Data section Block Start
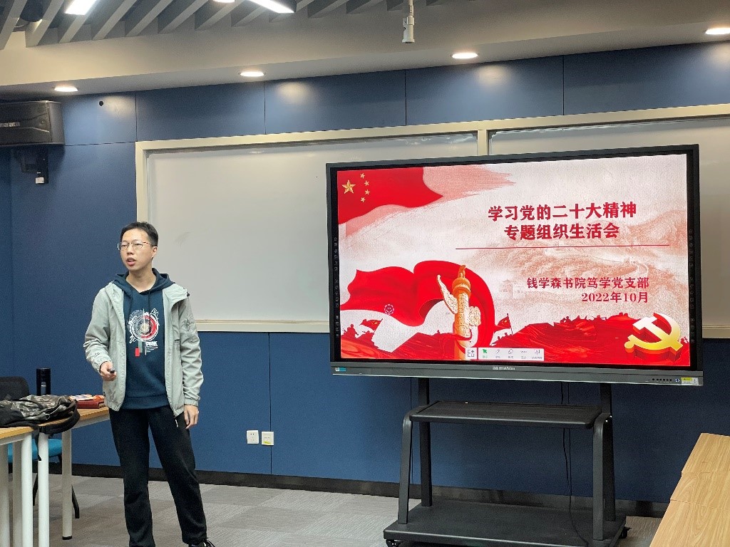 2022年10月30日晚,钱学森书院笃学党支部在仲英楼B917开展“学习党的二十大精神”专题组织生活会。会议由支部书记魏成骁主持,支部党员、积极分子参加。
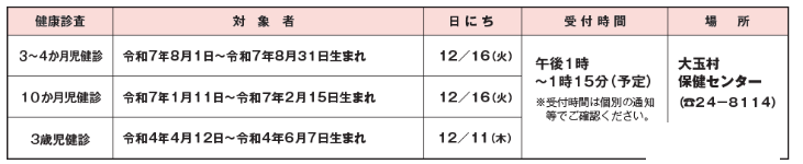 ※3~4か月児健診、10か月児健診の日程は赤ちゃん訪問時にお知らせします。
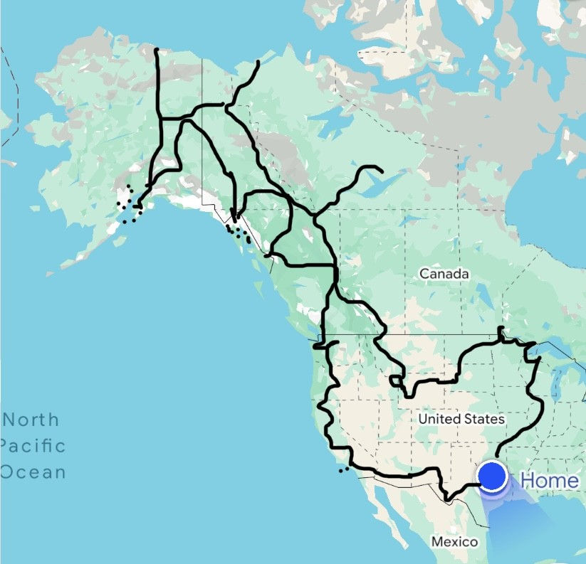 The road trip from Dallas, Texas to Alaska and back to Dallas. 22,500 miles including the whole 1,450 miles of Alaska Highway and other remarkable routes, as: Dalton, Klondike, Dempster, Top of the World, and Glacier highways.
Data section Block End
**Assigned task:**
In your copy of the material, every word must match and no image should appear.

**Response area:**
 2022年10月30日晚,钱学森书院笃学党支部在仲英楼B917开展“学习党的二十大精神”专题组织生活会。会议由支部书记魏成骁主持,支部党员、积极分子参加。
 ※3~4か月児健診、10か月児健診の日程は赤ちゃん訪問時にお知らせします。
 The road trip from Dallas, Texas to Alaska and back to Dallas. 22,500 miles including the whole 1,450 miles of Alaska Highway and other remarkable routes, as: Dalton, Klondike, Dempster, Top of the World, and Glacier highways.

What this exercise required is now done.